───── Records supplied ─────
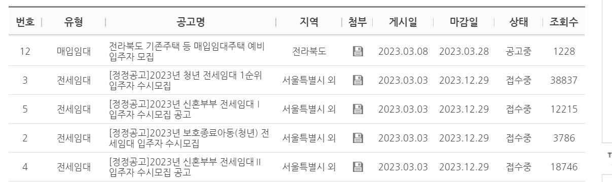 현재 공고중인 유형의 임대 아파트를 보시면, 아래 이미지처럼 청년 전세임대, 신혼부부 전세임대 등 유형별로 공고가 올라옵니다.
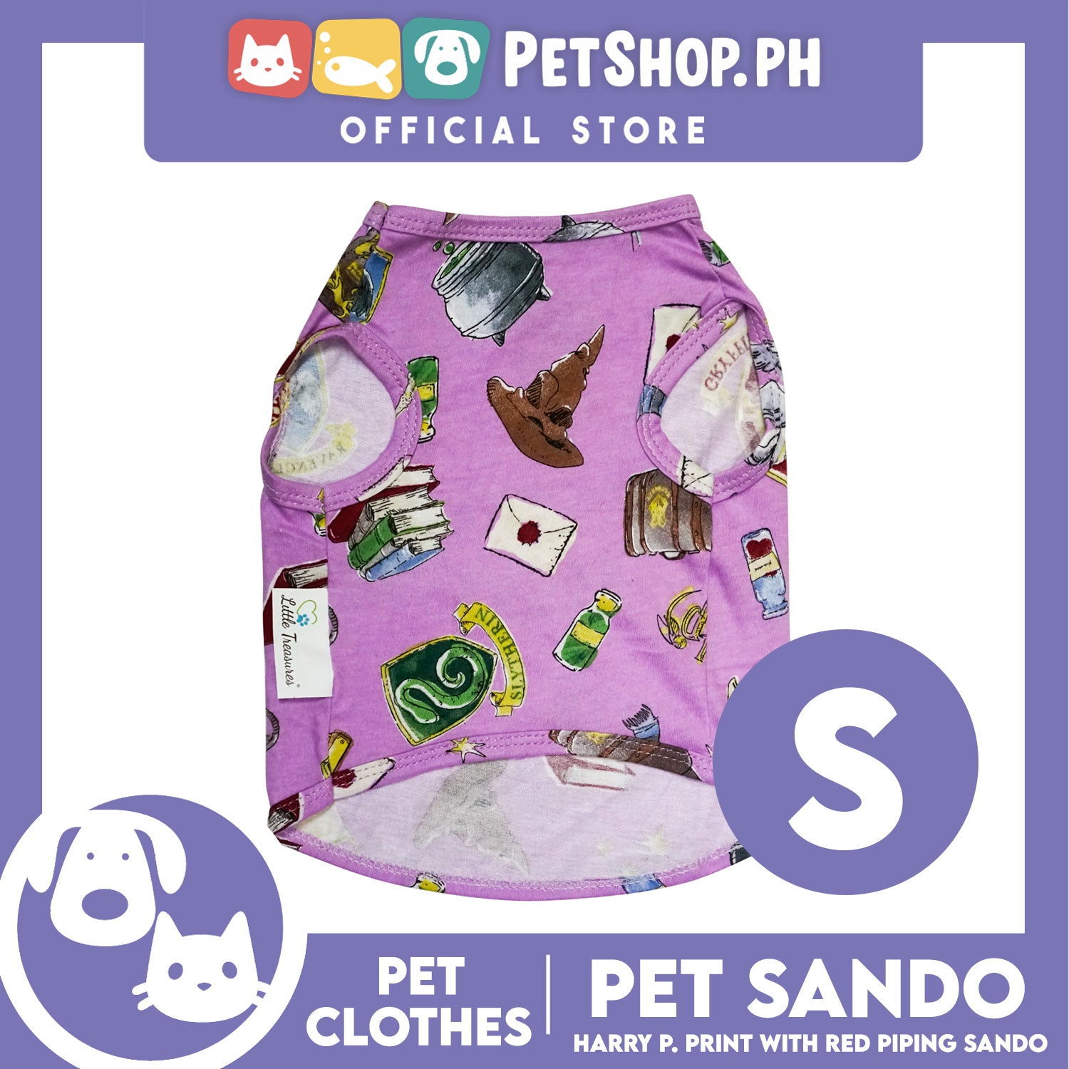 Pet Sando School of Wizardry Print with Red Piping (Small) Pet Shirt Clothes Perfect fit for Dogs
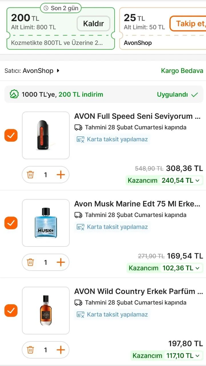 Avon parfümlerde sepette otomatik uygulanan 600/100 ve 1000/200 TL sepet indirimiyle KOZMO200 kodu kombo yapılabiliyor. Bu şekilde parfümlerin çoğu son 1 yılın en düşük fiyatına iniyor. Kodu farklı marka parfüm çeşitlerinde de kullanabilirsiniz. 800/200 TL indirim yapar.
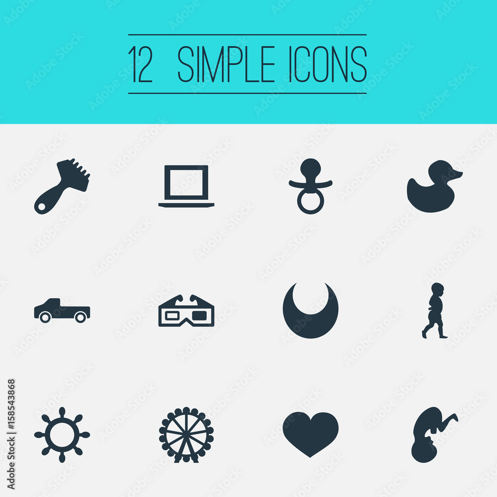 Vector Illustration Set Of Simple Kid Icons. Elements Board
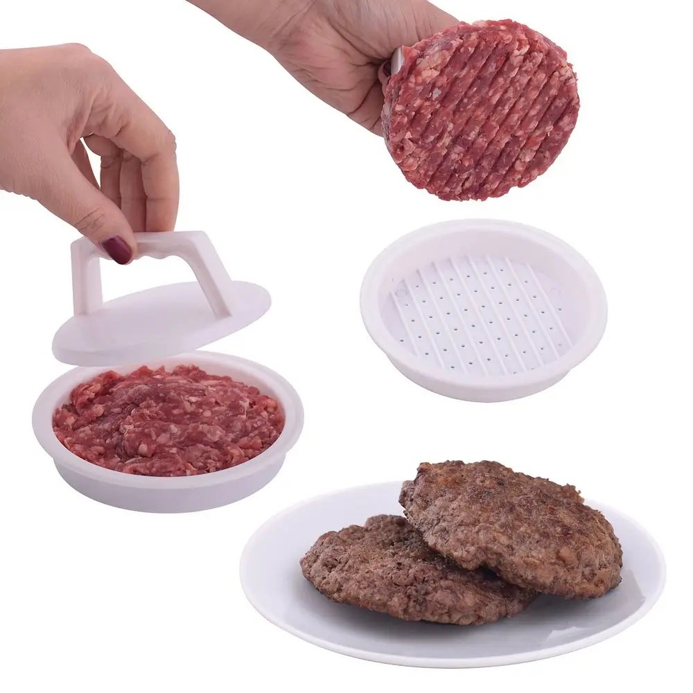 С помощью пресса вы сможете сделать котлеты из любого фарша: говядина, рыба, курица. Небольшое количество фарша поместите в нижнюю часть пресса, равномерно распределите и плотно придавите крышкой. Уберите крышку и переложите полученную котлету на раскаленную сковороду или прокладывайте получаемые котлеты бумагой для выпекания, если хотите приготовить их позже. После использования промойте пресс под проточной водой, можно с использованием жидких моющих средств. Изготовлено из пластмассы (полипропилен).
─────
_Task directions_
Restate the data word for word without pictures.

_Your response_
 현재 공고중인 유형의 임대 아파트를 보시면, 아래 이미지처럼 청년 전세임대, 신혼부부 전세임대 등 유형별로 공고가 올라옵니다.
 Pet Sando School of Wizardry Print with Red Piping (Small) Pet Shirt Clothes Perfect fit for Dogs
 Avon parfümlerde sepette otomatik uygulanan 600/100 ve 1000/200 TL sepet indirimiyle KOZMO200 kodu kombo yapılabiliyor. Bu şekilde parfümlerin çoğu son 1 yılın en düşük fiyatına iniyor. Kodu farklı marka parfüm çeşitlerinde de kullanabilirsiniz. 800/200 TL indirim yapar.
 Vector Illustration Set Of Simple Kid Icons. Elements Board
 С помощью пресса вы сможете сделать котлеты из любого фарша: говядина, рыба, курица. Небольшое количество фарша поместите в нижнюю часть пресса, равномерно распределите и плотно придавите крышкой. Уберите крышку и переложите полученную котлету на раскаленную сковороду или прокладывайте получаемые котлеты бумагой для выпекания, если хотите приготовить их позже. После использования промойте пресс под проточной водой, можно с использованием жидких моющих средств. Изготовлено из пластмассы (полипропилен).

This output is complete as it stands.